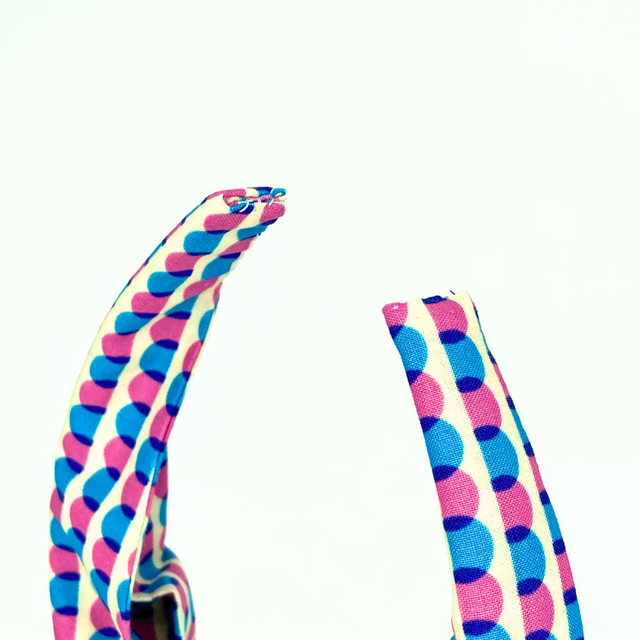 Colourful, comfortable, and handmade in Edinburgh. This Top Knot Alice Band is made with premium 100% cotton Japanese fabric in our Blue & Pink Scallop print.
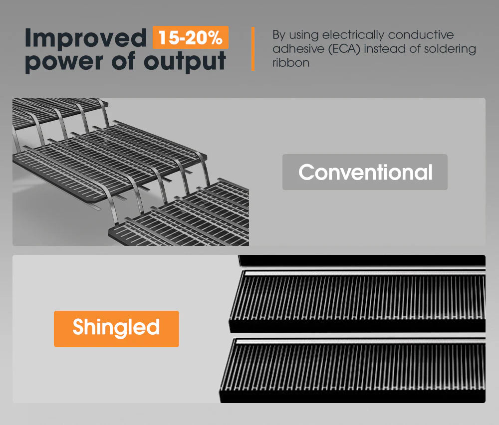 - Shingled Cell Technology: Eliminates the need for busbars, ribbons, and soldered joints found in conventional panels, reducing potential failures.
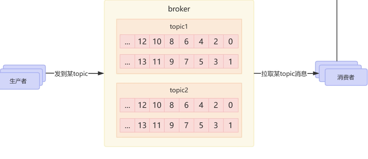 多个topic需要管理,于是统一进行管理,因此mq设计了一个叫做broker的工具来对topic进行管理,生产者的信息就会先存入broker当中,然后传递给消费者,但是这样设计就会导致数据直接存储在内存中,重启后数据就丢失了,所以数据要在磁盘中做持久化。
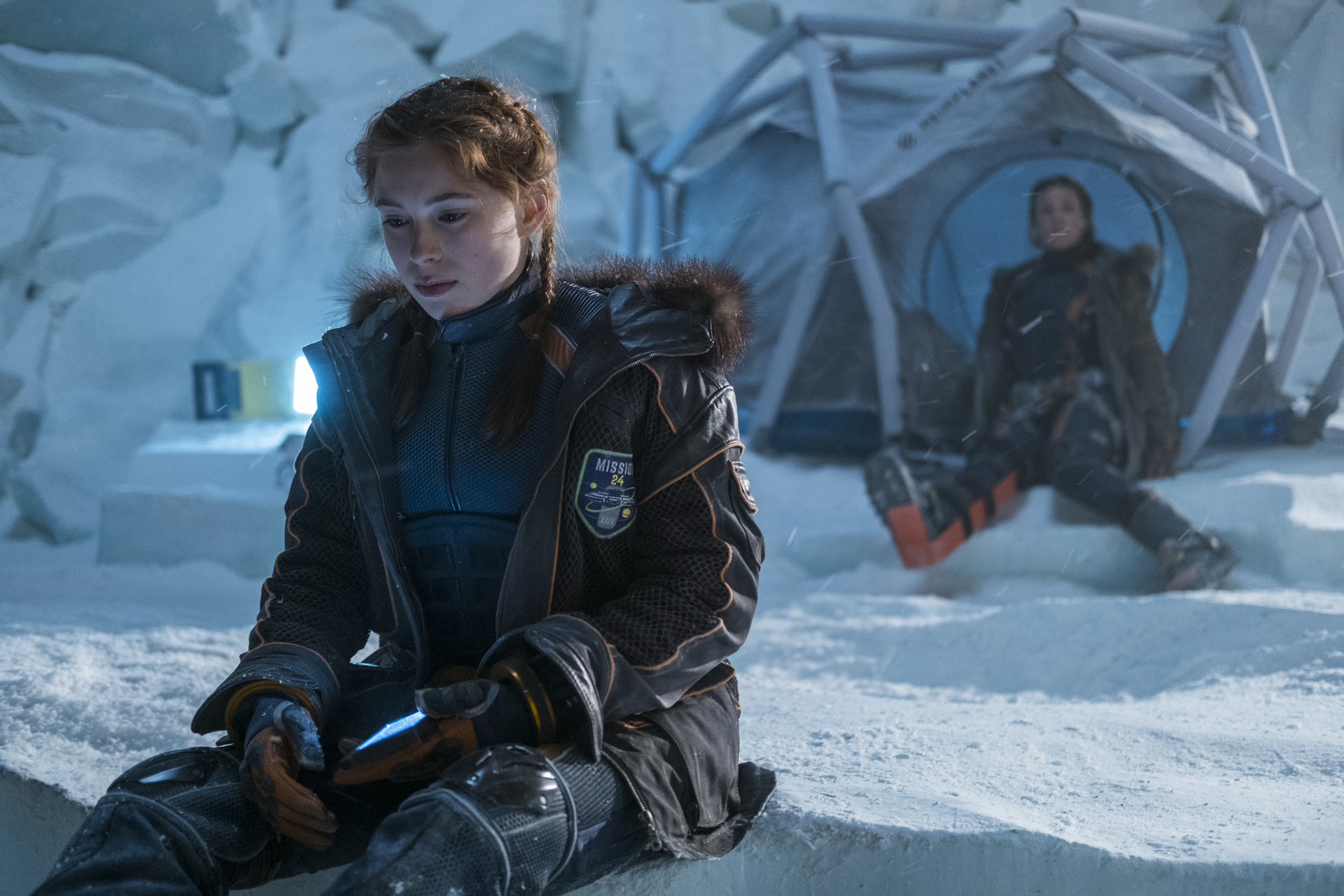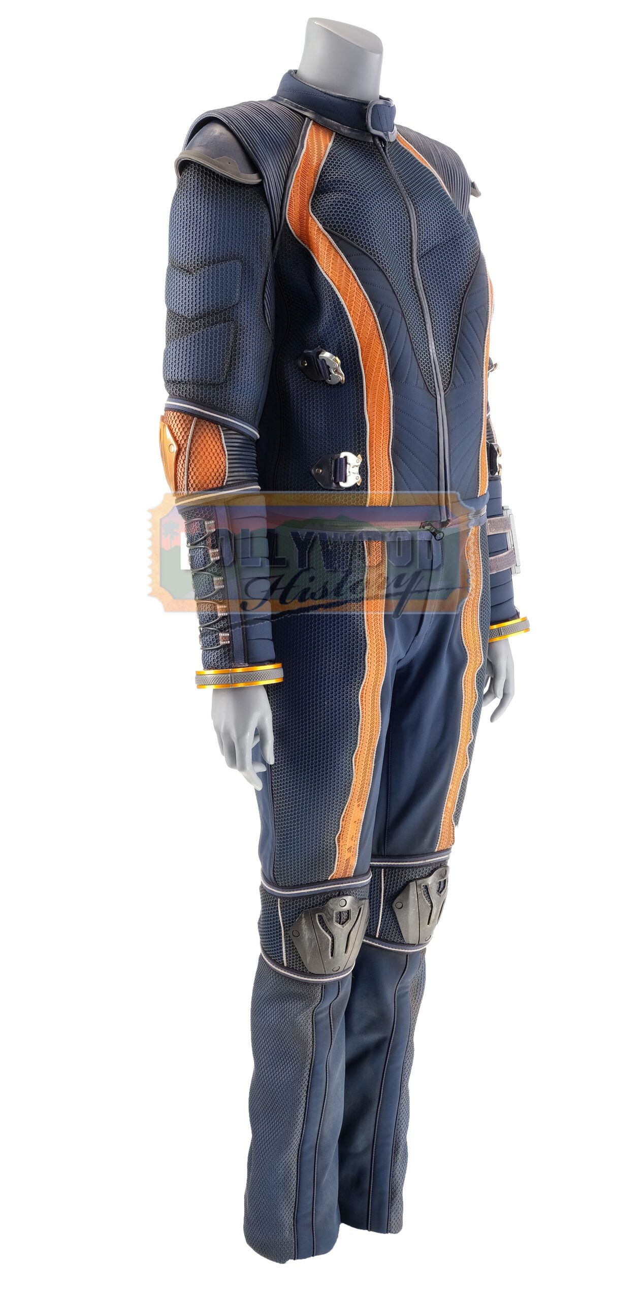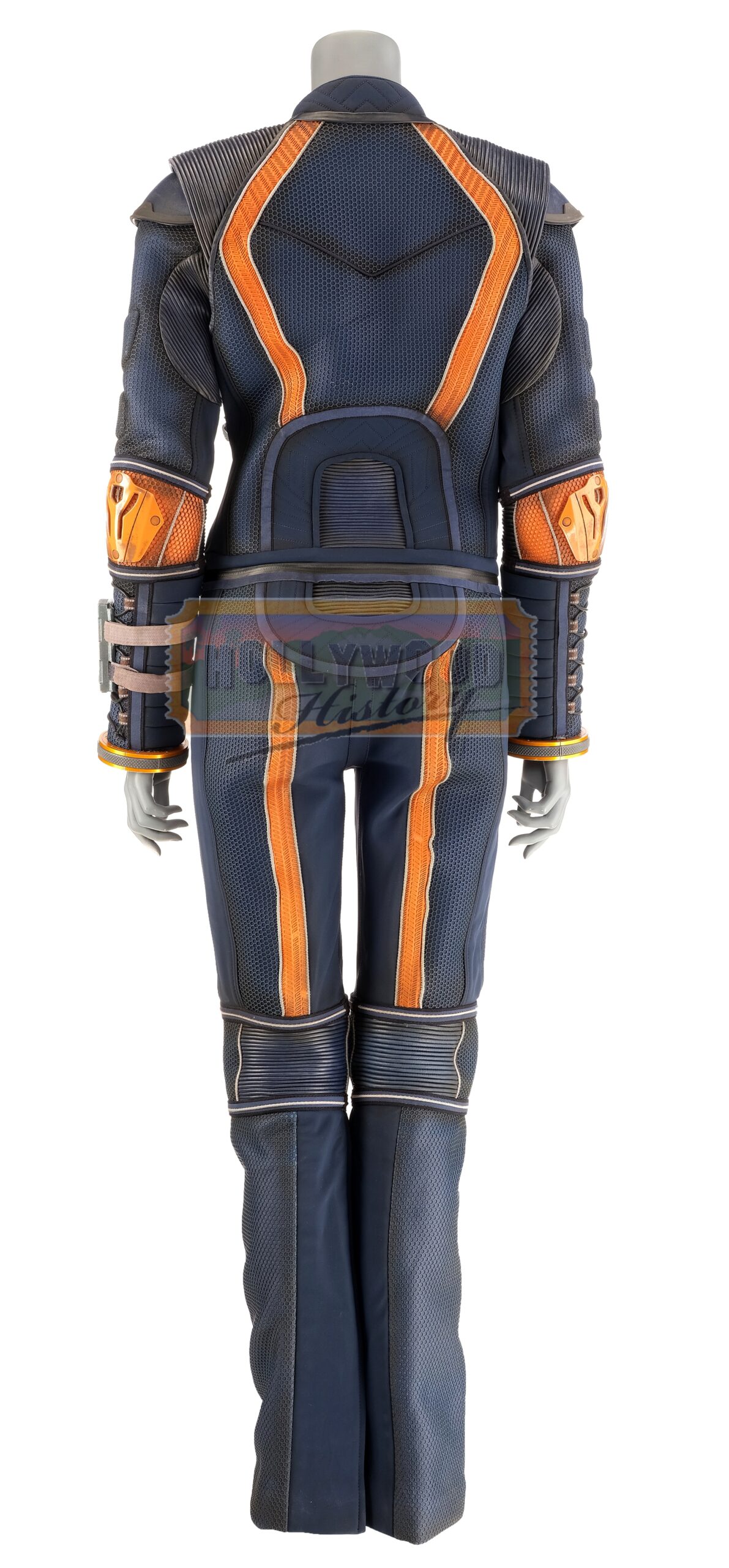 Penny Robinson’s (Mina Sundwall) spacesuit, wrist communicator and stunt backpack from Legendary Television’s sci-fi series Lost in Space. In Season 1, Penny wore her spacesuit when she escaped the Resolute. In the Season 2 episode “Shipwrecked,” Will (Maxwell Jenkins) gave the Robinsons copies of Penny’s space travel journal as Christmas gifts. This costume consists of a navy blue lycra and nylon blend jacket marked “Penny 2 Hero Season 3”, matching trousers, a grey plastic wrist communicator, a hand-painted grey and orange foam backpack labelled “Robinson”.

**Assignment**
Only the lines from the top of the material above down to the line bearing "多个topic需要管理,于是", that line included, should be set down exactly; no pictures.

**Solution to the exercise**
 Colourful, comfortable, and handmade in Edinburgh. This Top Knot Alice Band is made with premium 100% cotton Japanese fabric in our Blue & Pink Scallop print.
 - Shingled Cell Technology: Eliminates the need for busbars, ribbons, and soldered joints found in conventional panels, reducing potential failures.
 多个topic需要管理,于是统一进行管理,因此mq设计了一个叫做broker的工具来对topic进行管理,生产者的信息就会先存入broker当中,然后传递给消费者,但是这样设计就会导致数据直接存储在内存中,重启后数据就丢失了,所以数据要在磁盘中做持久化。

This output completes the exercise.